- Directed by: Jeff Chang; Marlboro Lai; Kuang Sheng;
- Written by: Jeff Chang; Chen Yin-jung;
- Produced by: Ho Meng-hung; Wang Han-sheng; Lin Hsin-hung; Torquil Boyd; Rujiraporn Hanchaina; Huang Wei-hao;
- Starring: Jolin Tsai; Kim Jae-won; Stephen Fung; Carl Ng;
- Cinematography: Wang Tsan-chin; Chin Hsin; Tiwa Moeithaisong;
- Edited by: Chen Jung-huang; Chiang Chih-hsin;
- Distributed by: EMI
- Release date: September 5, 2007;
- Running time: 70 minutes
- Country: Taiwan
- Languages: Mandarin; Korean; English; Cantonese; Thai;
- Budget: NT$33 million

= Agent J (film) =

2007 Taiwanese film

Agent J (特務J) is a 2007 Taiwanese action romance film. Directed by Chang Jeff Chang, Marlboro Lai, and Kuang Sheng, the film stars Jolin Tsai, Kim Jae-won, Stephen Fung, and Carl Ng. The film is composed of three distinct, unconnected segments, each telling the story of Agent J and her relationships with three different romantic partners.

== Plot ==
Chapter One: The Fate of Agent

Jolin and S are a couple vacationing in Paris. After S asks a local for directions, he turns around only to find that Jolin has disappeared. Despite searching frantically nearby, S is unable to locate her. Unbeknownst to him, Jolin has already been targeted by a secret organization, who abducts her and subjects her to brainwashing and intensive training, transforming her into an agent known only as "J". Now, as an operative of the organization, Jolin is assigned covert missions. For the three years following Jolin's disappearance, S stays in Paris, becoming a personal bodyguard specializing in protecting witnesses. He also devotes himself to uncovering the truth about the mysterious agent "J", who eerily resembles his lost love. Jolin's latest mission is to assassinate the very man—S—who has been relentlessly investigating her. She follows him to a rooftop, where she executes her mission with cold precision. However, just before his death, S offers her a smile that leaves her deeply confused. Driven by this lingering question, Jolin visits S's apartment, where she uncovers the secrets of her own past.

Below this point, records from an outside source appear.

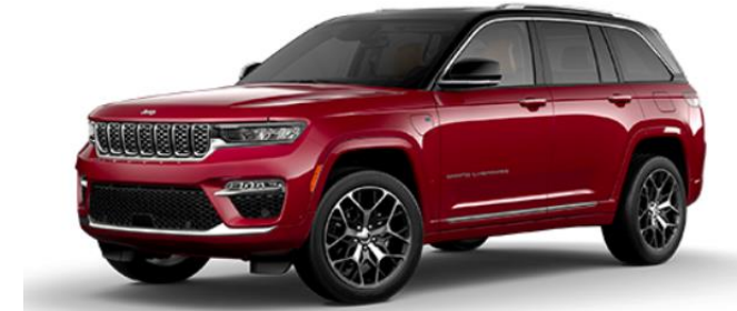
124 VELVET RED / BLACK ROOF
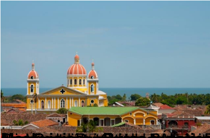
San Juan de los Rios, Managua, Nicaragua
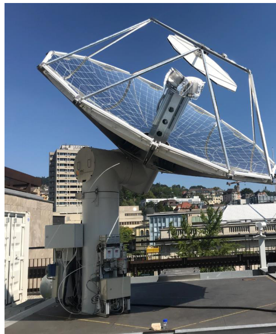
Abbildung 3: StL-Laboranlage auf dem Dach der ETH Zürich. Der Reaktor ist das Gerät im Fokus des Parabolspiegels.

Der von der Firma Capphenia entwickelte Prozess zur Herstellung von Synthesegas ist ein Hybridprozess, der Merkmale von PtL und
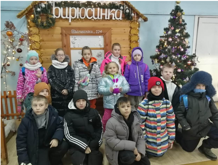
На фото: 3Б класс на фабрике игрушек

Декабрь – особый месяц, наполненный ожиданием новогодних чудес. Создать новогоднее настроение, узнать, как изготавливаются игрушки на праздничную ёлочку отправились в Красноярск на фабрику игрушек «Бирюсинка» ребята 1А, 2А, 3Б классов со своими классными руководителями. Школьники увидели, как мастерицы выдувают стеклянные шары, а художники их расписывают. Узнали, как выпекаются в специальной печи игрушки из пластиголя (ПВХ) и как они тоже попадают в руки художниц. А какие забавные мягкие игрушки и новогодние костюмы шьют швеи! Экскурсия была очень интересной! Восторженные ребята вернулись домой с подарками. Каждый получил в подарок именную шарик на елочку. Путешествие стало для ребят увлекательным и запоминающимся.
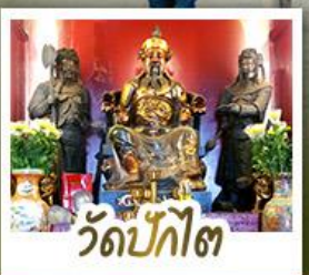
ว้ดปี้กไต้
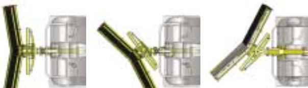
Lame face à la route.
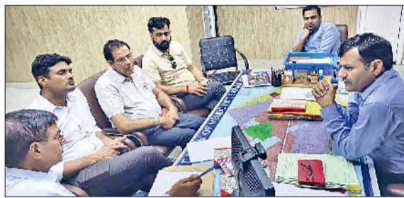
बावल। एचएसआईआईआईडीसी अधिकारियों से बातचीत करते हुए सीएम फ्लाइंग।

के समय पानी घरों में घुसने के बाद ग्रामीणों ने एचएसआईआईआईडीसी के खिलाफ प्रदर्शन भी किया था। इसके बाद एसडीएम बावल ने बिना ट्रीट किया हुआ पानी छोड़ने पर एचएसआईआईआईडीसी और सिंचाई विभाग के अधिकारियों को भी तलब किया था। एसडीएम ने ग्रामीणों को आश्वासन दिया था कि दूषित पानी किसी भी सुरत में नहर में नहीं छोड़ने दिया जाएगा।
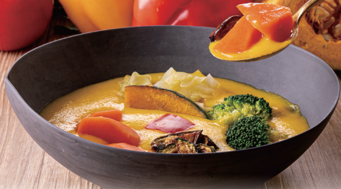
メニュー名：かぼちゃポタージュ
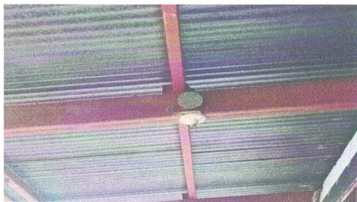
Foto1: Sustitución de iluminarias.
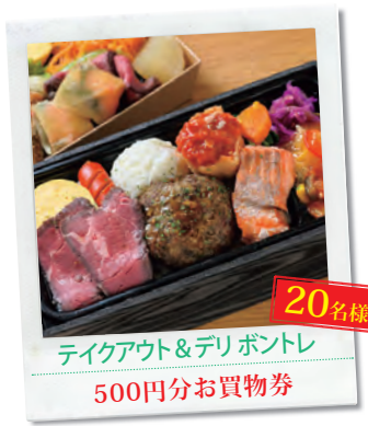
20名様 テイクアウト&デリポントレ 500円分お買物券

今月は神辺エリアの気になるスポットを体験できる、素敵なプレゼントをご用意しました。※写真はイメージです。
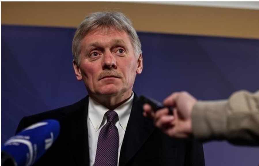
Дмитро Песков сподівається на "прагматичні" стосунки з Угорщиною

Chapter Two: The Crack of Memory

In a British prison, Jolin is recruited by a secret organization, who offers her a deal: complete a high-profile assassination in exchange for her freedom. Her target is Bluebeard, a notorious criminal mastermind. However, Bluebeard is already aware of the plot against him and has dispatched his own agents to capture Jolin. One day, while being followed by two mysterious men, Jolin receives assistance from a photographer, Lu Hsiao-tung, and the two quickly fall in love. During their relationship, Jolin discovers that Lu is actually an undercover agent working for Bluebeard. One night, while following Bluebeard, Jolin comes face-to-face with Lu, only for Bluebeard to open fire on him. Although Jolin successfully kills Bluebeard, it is too late to save Lu, who dies in her arms.

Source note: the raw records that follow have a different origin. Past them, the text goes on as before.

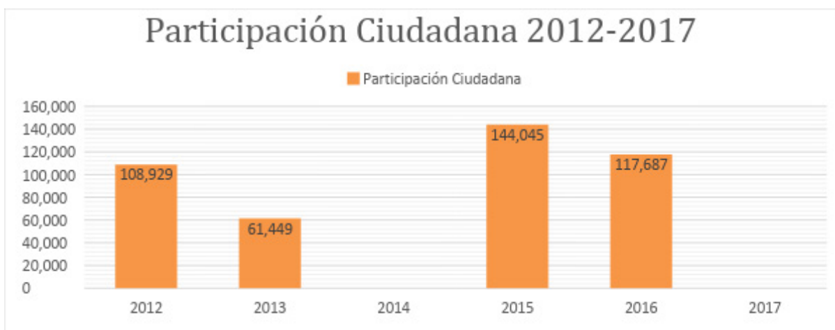
Figura 3. Participación ciudadana en asambleas barriales 2012-2017

Fuente: elaboración propia con datos de la Secretaría de Participación 1 .
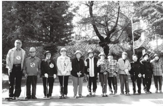
仲良く元気に活動中

このような状況ですが、できるだけ新会員を増やし、それぞれの個性を活かしながら助け合い、楽しく活動する愉快な会を心がけたいと思います。
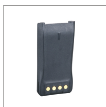
Batterie Li-ion (2000 mAh) BL2006
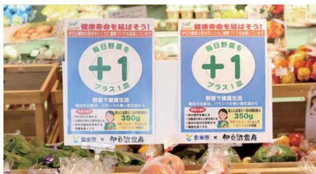
市内道の駅、物産店やスーパーなどにポスターを掲載しています。
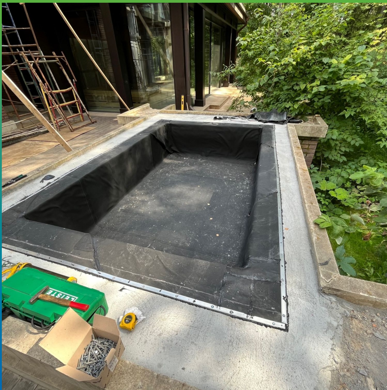
Финишный вид после устройства гидроизоляционного ковра Преласты СТ 1,2
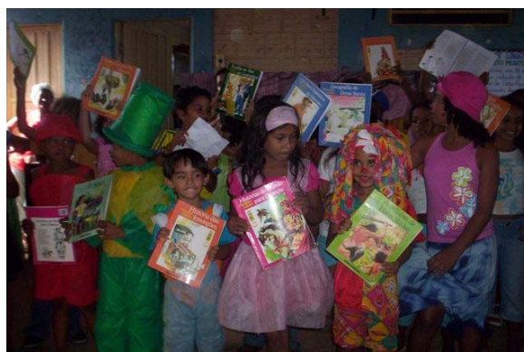
Foto 16- Projeto de leitura Monteiro Lobato

A Escola Crescendo na Prática cumpre um papel importante tanto na difusão da crença quanto em seu agenciamento prático. Além de elemento importante de mediação da relação das crianças com a linguagem literária, que se faz por dentro das salas de aula, celebra o livro em suas festas, combinando-o com outras formas de expressão, principalmente a plástica. No palco, o livro ganha visibilidade no corpo das crianças, nos pátios, como se pode observar nas fotografias que registraram as atividades de culminância do projeto “Monteiro Lobato” (Foto 16 e 17).
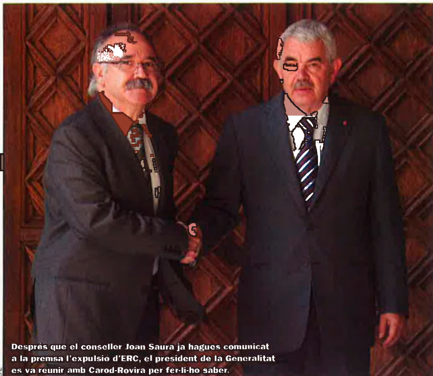
Després que el conseller Joan Saura ja hagues comunicat a la premsa l'expulsió d'ERC, el president de la Generalitat es va reunir amb Carod-Rovira per fer-li-ho saber.
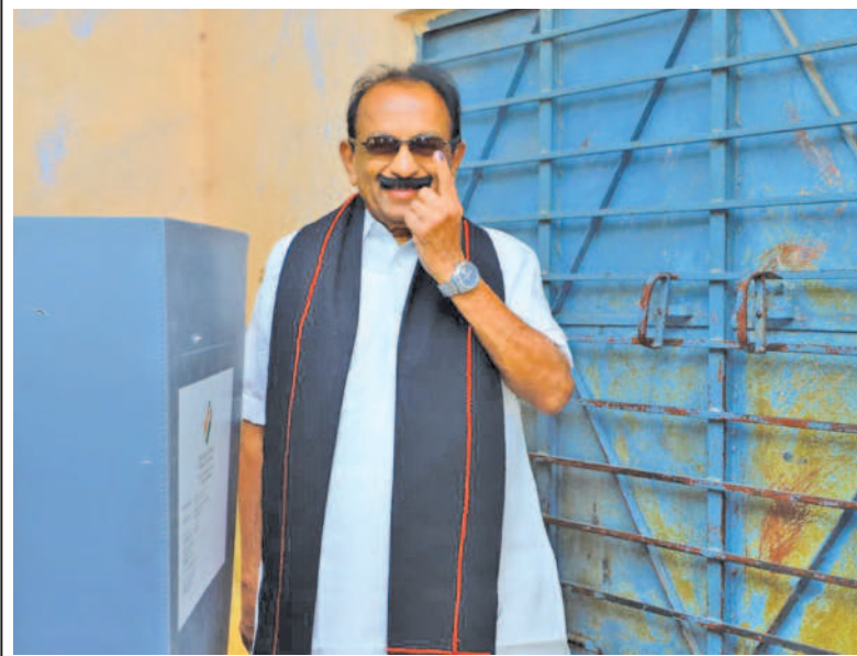
மறுமலர்ச்சி தி.மு.க. பொதுச்செயலாளர் வைகோ அவர்கள், தென்காசி மாவட்டம், திருவேங்கடம் வட்டம், கலிங்கப்பட்டியில் அமைந்துள்ள அரசு மேல்நிலைப்பள்ளி வாக்குச்சாவடியில் தனது வாக்கினை பதிவு செய்தார்.
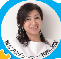
総合プロデューサー：平野裕加里

「ALS」という難病を知ってほしい もっともっと研究が進んでほしい 治る未来にむかって!!
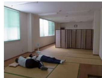
静養室も 利用できます。
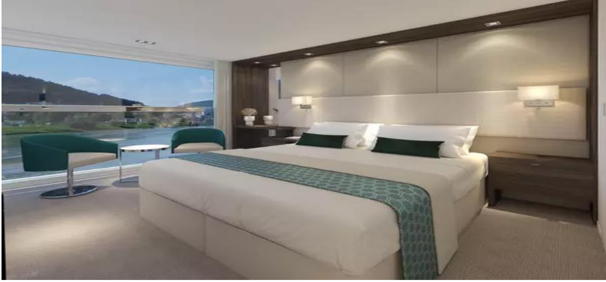
Panoramik Pencere Dış Kabin - Alt Kat (16 m 2 )
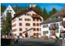
HOTEL*** Privata SILS Sils CH Tel. 0342/902.424 www.sils.biz
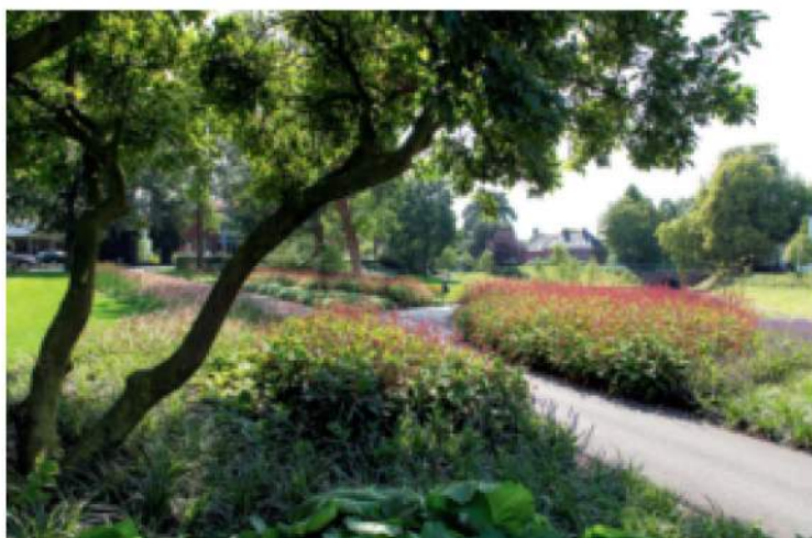
Op twee plekken in het park is het Green to Colour-concept van kwekerij Griffioen toegepast. Op de foto markeren de vaste planten een kruispunt van verschillende fiets- en wandelpaden. Er groeit onder meer Persicaria amplexicaulis , P. affinis 'Superba', Nepeta faassenii 'Grol' en Carex morrowii 'Variegata'.
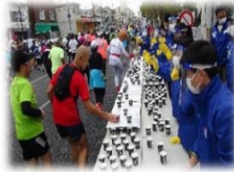
立ち直り 支援活動
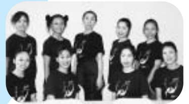
夏季大会式典前演技者 服部バレエスクールの皆さん

大きな舞台で踊れて幸せ たくさんのダンサーの中で自分の個性が出せるようにいろいろ考えて演じました。本番までは長い道のりでしたが、とても楽しく踊れました。国体というこんなに大きな舞台で踊ることができて幸せでした。

Chapter Three: The Illusion of Faith

In Bangkok, Jolin receives her latest mission from the secret organization: to infiltrate a powerful crime syndicate and rescue Vince, who was believed to have died years ago in a bombing. To approach the crime lord, Jolin assumes the guise of a nightclub singer and soon discovers that Vince is alive and working undercover within the organization. After their identities are exposed, a shootout ensues. Vince is wounded in the chaos, and Jolin manages to take him back to her apartment, where they reignite their old love. The next day, Vince secretly leaves Jolin and heads to carry out the assassination of the crime lord. Though he succeeds in killing the boss, he is shot in the back. Jolin, realizing that she is being followed by members of the crime syndicate, tries to shake them off while arranging to meet Vince at a designated location. When Vince, gravely injured, arrives at the meeting spot, Jolin desperately attempts to revive him, but he succumbs to his wounds and dies in her arms.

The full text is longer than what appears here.